More than half (56%) of workers surveyed cited pay and bonus as among the top factors that would be most important to them when considering whether to jump to a new employer, followed by health benefits (39%), job security (33%), flexible work arrangements (31%) and retirement benefits (29%), according to a report from global advisory firm Willis Towers Watson (WTW). Pay and bonus was also the top factor cited by workers as among the most important reasons to stay with their current employer, followed by job security, health benefits, flexible work arrangements and work that provides a "sense of purpose."
A rising percentage — nearly half — of employees surveyed said their company’s retirement (47%) and healthcare plans (48%) were an important reason they decided to work for their current employers, compared with less than a third (29%) that cited the plans in 2015, according to the report.
Well over half of the employees (60%) cited their employers’ retirement and healthcare benefits as an important reason for sticking with their current company, up from 48% who cited retirement in 2019 and just 54% who cited healthcare, in both cases marking a more than decade high in the benefits’ role in retaining workers.
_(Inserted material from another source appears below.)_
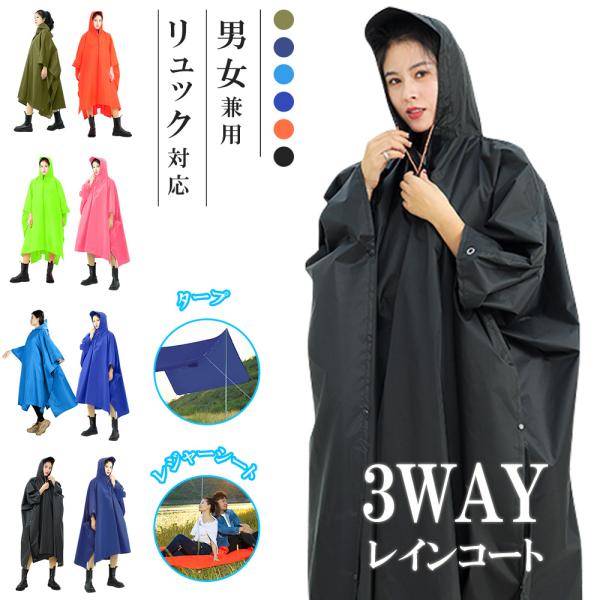 レインコート 自転車用 収納袋付き レインポンチョ ロング丈 レインウェア リュック対応 タープ 通勤 通学 雨合羽 カッパ 防水 男女兼用

Attracting and retaining employees are key issues for many CFOs who are facing the tightest labor market in decades while also fighting rising costs on other fronts as inflation has soared to a four-decade high. Many finance chiefs are aiming to hold on to employees this year by giving them raises above 3% but that may not be enough as inflation outpaces pay gains, experts say.
While employees still see pay as the most “compelling reason to stay or leave a company, health and retirement benefits have become a much more significant factor in their decision-making process,” Monica Martin, senior director, retirement, at WTW, said in a statement. “In this tight labor market, organizations that understand the importance that employees place on these core benefits and that provide highly valued benefit programs can differentiate themselves in their effort to become an employer of choice.”
Some of the top retirement options cited by respondents as offerings that would be most helpful to employees included: a guaranteed retirement benefit (cited by 62%), more generous retirement benefits generally (58%), retiree medical benefits (53%) and flexibility to use retirement monies for short-term needs (37%).
Of the top options that would most improve flexible work arrangements respondents cited more generous paid time off and sick leave (50%), the option to work from home/anywhere (47%), the option to select when work occurs (45%) and policies that respect personal time outside of work (35%).
Respondents asked which health-related benefits would most help them cited a generally more generous healthcare plan (46%), health screenings and risk assessments (42%) and a more generous dental plan (37%). And nearly half of employees (46%) said they would give up higher pay for a more generous healthcare plan versus 36% in 2020.
The 2022 Global Benefits Attitudes Survey queried 9,600 U.S. employees from large and midsize private companies across a range of industries from December through January.